Oklahoma State hasn't proved much but hung with Texas in its best game of the year. This week it will face Iowa State, which put a major scare into Kansas State, and will do the same to every team it sees the rest of the year.
The Big 12 has a whole lot of good teams. Oklahoma and Kansas State will tell us over the next seven weeks whether it has any great ones. Trying to guess, though? The first half made it clear that doing so is highly likely to be wasted breath.
My advice: Grab a seat, hold on and enjoy the show.
Time for some midseason superlatives across the Big 12:
Offensive MVP: Geno Smith, QB, West Virginia. Smith's got this one easy, even with a lackluster day against Texas Tech. He's thrown the most touchdowns (25) in the Big 12 and is the only quarterback without an interception. West Virginia dropped out of the top five last week, but Smith is still the Heisman front-runner. He'll face the man I've got at No. 2 on Saturday: K-State's Collin Klein.

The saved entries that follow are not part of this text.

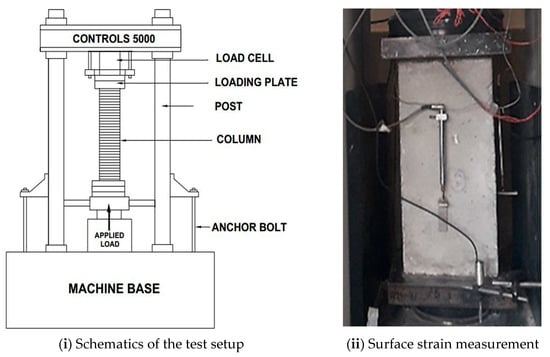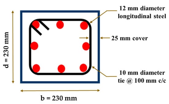 In total, 12 square short columns of cross-sectional dimension 230 mm were cast in which six specimens were plain concrete columns, and the rest of them were reinforced with standard internal steel rebars. The length of the specimen was limited to 450 mm due to constraints in test equipment. Eight bars of 12 mm diameter (As = 904 mm2) and 10 mm diameter bars at a spacing of 100 mm were used as longitudinal and tie reinforcements, respectively. The specimen details are illustrated in Figure 1, and the test matrix with the corresponding strengthening schemes are provided in Table 1.
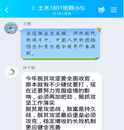 习近平总书记寄语新时代青年“强调当代青年,要继承和发扬五四精神,坚定理想信念,站稳人民立场,练就过硬本领,投身强国伟业。”新时代青年是国家的中坚力量,要接好中华民族伟大复兴的接力棒。为此,马克思主义学院特别将思政课堂延伸到学生的日常生活中,指导广大青年志愿者做好自我防护的同时,鼓励学生要牢牢站稳“一个立场”,停课不停实践,深入到人民当中去。发动学生以服务社区、网络宣传、线上陪伴等多种形式参与社会志愿服务工作。同时,激励学生也要参与到脱贫攻坚工作中去,为全面建成小康社会贡献力量。很多同学纷纷以实际行动表达坚定的“人民立场”,学以致用,勤于实践。
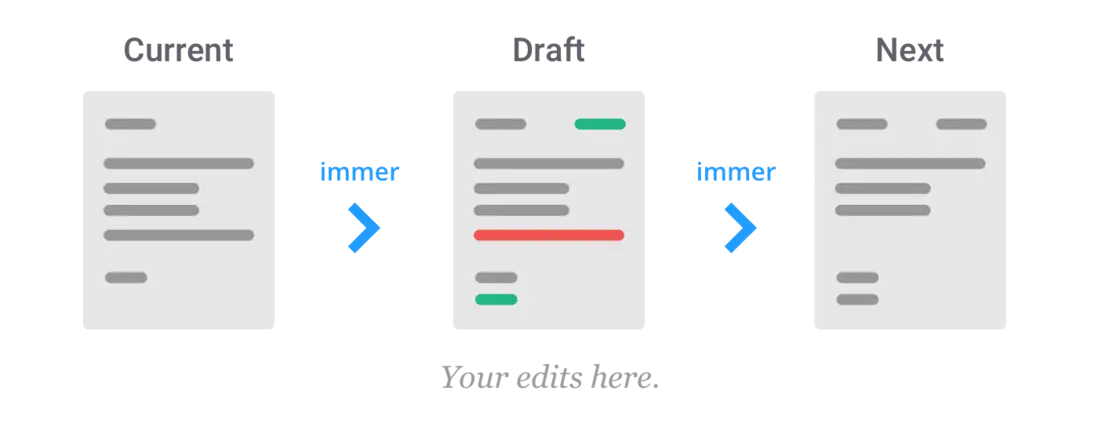 在 Immer 中,data之上的proxy被稱為 Draft(草稿):

Defensive MVP: Devonte Fields, DE, TCU. It's a little hard to believe, but it's the truth. Fields has been the league's most productive pass-rusher so far this season and has come out of nowhere as a true freshman. He leads the league with 6.5 sacks and has 11.5 tackles for loss, two more than any other defender in the league. He's also third in the league with two forced fumbles. Ross Forrest's injury paved the way for Fields' starting spot, but he's been a huge impact player for one of the league's better defenses.

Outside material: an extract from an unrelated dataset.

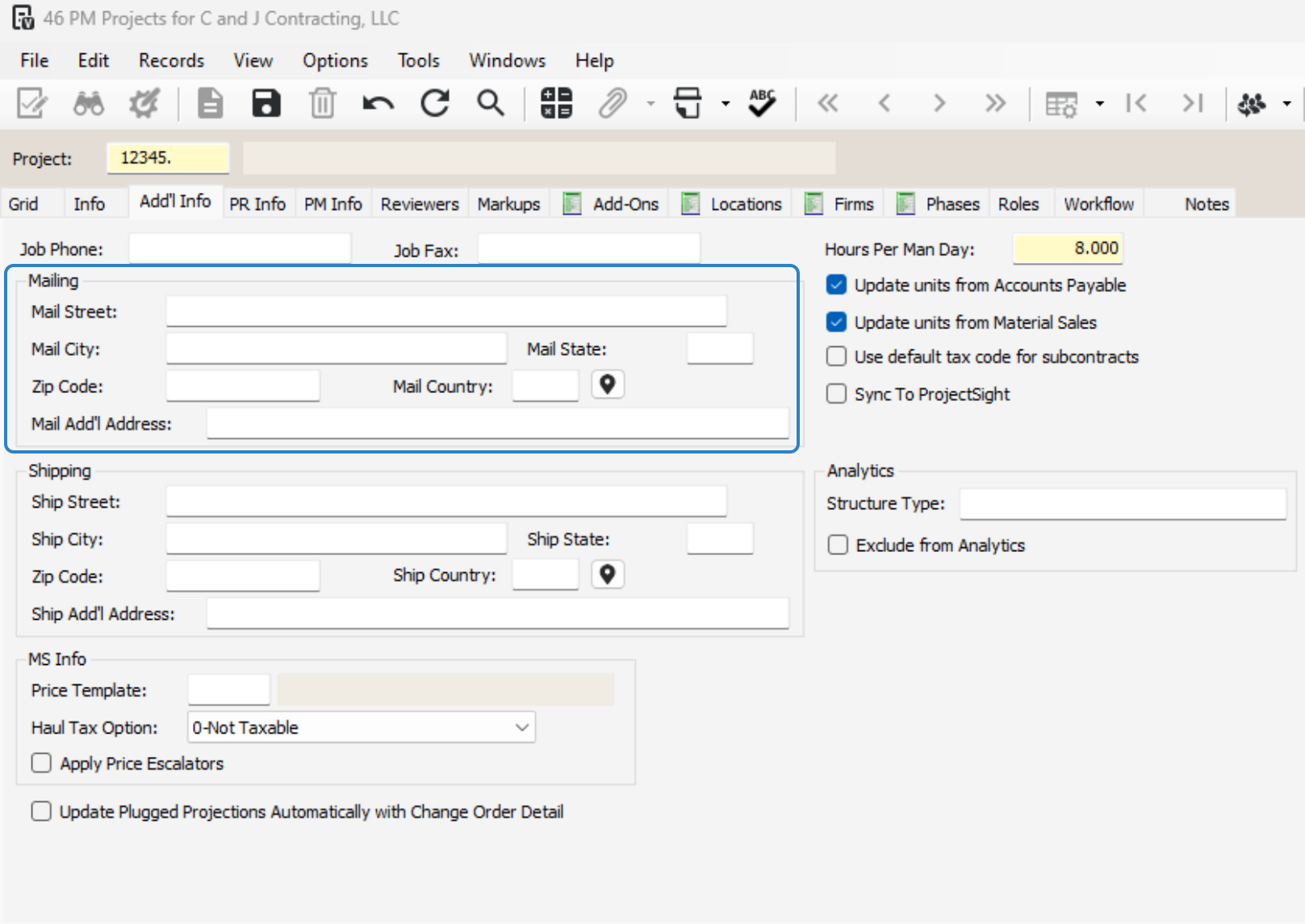 Modify these fields if necessary; they will be gray if not editable.

Biggest surprise: Kansas State. The Wildcats had the recipe for success this year -- experience last year, lots of talent -- but plenty of folks were doubting the ingredients. Yet here they are, sitting pretty as the Big 12's only undefeated team through six games, and also earning a status as the only ranked team to ever beat Bob Stoops' Oklahoma team in Norman.

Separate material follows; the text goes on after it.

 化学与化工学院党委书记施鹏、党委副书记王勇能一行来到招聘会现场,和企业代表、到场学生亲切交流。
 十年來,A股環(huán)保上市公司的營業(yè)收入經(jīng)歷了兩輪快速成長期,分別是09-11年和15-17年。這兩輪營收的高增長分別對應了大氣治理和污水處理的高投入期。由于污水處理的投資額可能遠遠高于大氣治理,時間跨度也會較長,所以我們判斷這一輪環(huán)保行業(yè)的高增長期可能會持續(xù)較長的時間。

Biggest disappointment: Oklahoma State. With apologies to Kansas, the reigning Big 12 champs get this spot for proving absolutely nothing through six weeks. They were the only Big 12 team besides Kansas to lose a nonconference game, and did so by three touchdowns to a very average Arizona team. Their only wins this year are against Savannah State, Louisiana and Kansas (by six points!). The Wes Lunt injury probably hurt the Pokes' chances against Texas, but these guys have a lot to prove in the second half of the season. A bowl berth isn't a guarantee.
Best game: Texas 41, Oklahoma State 36. We had four fourth-quarter lead changes and a pair of freshman quarterbacks who had huge nights. Texas quieted the crowd with a fourth-down conversion to keep the winning drive alive, and Oklahoma State nearly pulled off a miracle on the final play. What a fun night in Stillwater.
Newcomer of the year: Devonte Fields, DE, TCU. I mean ... obviously, right? The guy is a true freshman. Nobody has come close to doing what Fields has done so far this year among newcomers. The 6-foot-4, 240-pound Arlington, Texas, native didn't have to go far from home to earn this honor. The perks of Big 12 membership.
Best coach: Bill Snyder, Kansas State. Not. Even. Close. Snyder has his team overachieving in one sense but also looking every bit the part of the Big 12's best team. Klein has clearly developed his arm from last season. The defense is better. Special teams looks good. K-State is a complete team built for a run, and the speed at which Snyder has transformed this team from a very average Big 12 squad back into a juggernaut is nothing short of incredible. This year might finish as his greatest work.